In-Circuit Emulatorの略。マイクロプロセッサー(マイコン、MPU、CPU)を使った組込み機器の開発・デバッグを行なう測定器。開発支援装置、デバッガー、インサーキットエミュレータとも呼ばれる。今や安価な家電製品から高度な通信装置まであらゆる電気機器にマイコンが搭載されている。それはハードウェアとソフトウェアの両方が一体となって動作する。半導体素子で構成された電子回路が作りだす信号波形と、動作を制御するプログラムの両方が正確に連携しないと、製品は仕様通りに機能しない。そのための作り込みに欠かせない測定器。機器のマイコンが実装される基板上からケーブルをICEに伸ばすのでIn-Circuitになる。1971年にインテルが世界初のマイコン4004(4ビット)を発売し、以降ザイログやフェアチャイルドも8ビット製品を次々と世に出した。そのため80年代には各計測器メーカはICEに参入した。当時のICEは(後年の分類で)スタンドアロン型(またはフルエミュレータ)で、HP(現キーサイト・テクノロジー)はユニークなモデルを長く発売していた。
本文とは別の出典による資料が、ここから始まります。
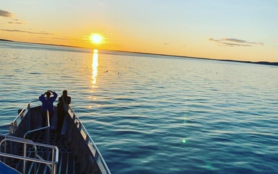 Sail Frenchman Bay at sunset on a narrated nature cruise along Acadia's shoreline. Spot eagles, seals, and harbor porpoise and visit Egg Rock Lighthouse with happy hour music.

80年代後半には横河電機や安藤電気、アンリツなどの大手計測器メーカがICEを作っていたが、ソフィアシステムズなどのICE専業メーカがシェアを伸ばし、横河電機は分社化してAdvice(アドバイス)というブランドを作り、90年代にソフィアシステムズと市場を2分した(現在もDTSインサイト社が後継機種を継続している)。日本に携帯電話メーカが複数ある時代は、高額なICEを大量に使い開発にしのぎを削ったので、レンタル商材としても2000年代までは花形だった。現在は安藤電気やアンリツなど計測器メーカや、ソフィアシステムズなどの専業メーカもほとんど撤退した。理由は、基板検査のための規格として登場したJTAG(ジェイタグ)が拡張して「総合デバッグインタフェース」となり、高額なICE(フルエミュレータ)を使う必要がなくなったためである。現在のICEはJTAGやROMエミュレータなどのオンチップ・エミュレータが主流となった。従来のフルエミュレータに比べて安価なため、ICEの市場規模は激減して、乱立していた計測器メーカや専業メーカは一掃された。マイコンの黎明期から普及に伴い活躍したICEは、マイコンの成熟とともに計測器の主流ではなくなった。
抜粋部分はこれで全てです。